Why give it such an interpretation? Because the Administration had created a problem for itself. Even before last year’s Soviet shift toward trade on a commercial basis, the Central Intelligence Agency’s estimates of Soviet aid--like most CIA estimates--were not worth the paper they were printed on. The agency’s figure of $5 billion to $8 billion was reached largely by grossly overvaluing the ruble and thus calculating that the Soviets were paying huge subsidies for Cuban goods--when they were often paying under the world market price.

Whatever the balance on paper, both countries benefitted from the trade.
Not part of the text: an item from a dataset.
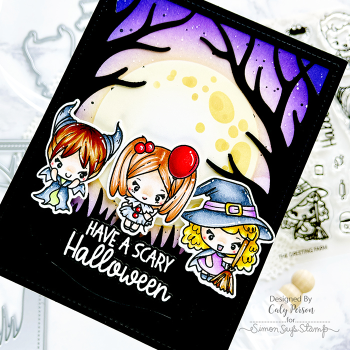 I stamped and colored three of the images with Copic markers. For a background, I set up a spooky Halloween scene using some Lawn Fawn products.
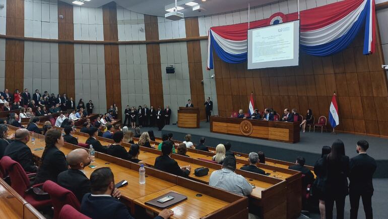 De la ceremonia de entrega de certificados de los tres diplomados ofrecidos por la Academia Legislativa participaron el senador Silvio Ovelar; senadora Hermelinda Alvarenga, vicepresidente segundo de la Cámara de la senadores, senadora Celeste Amarilla, el diputado Carlos Pereira, miembro de Conaderna; Cristian Gadea Saguier, director general de la Academia Legislativa, así como docentes, técnicos y funcionarios involucrados en el desarrollo de los cursos.

The Soviets needed the sugar, nickel and citrus products; the Cubans needed the petroleum, wheat and other commodities they received. Nonetheless, late last year, the Soviets moved to place trade more fully on a commercial basis, with accounts kept in dollars rather than rubles. At that point, “aid”--to the extent that there was any--became trade.

All that withstanding, the Bush Administration, like a broken record, continued to complain about billions of dollars in Soviet subsidies. As it should have foreseen, that backfired. Suddenly, just as the Administration was deciding it served U.S. interests to provide assistance to the Soviet Union, Congress, taking its cue from the Administration’s own posturing, resolved there wouldn’t be any aid to Moscow until the latter halted its “massive subsidies” to Havana. How to get out of the corner? A bit of theater was needed, and the Administration provided it, greeting Gorbachev’s restatements of policy as dramatic new concessions.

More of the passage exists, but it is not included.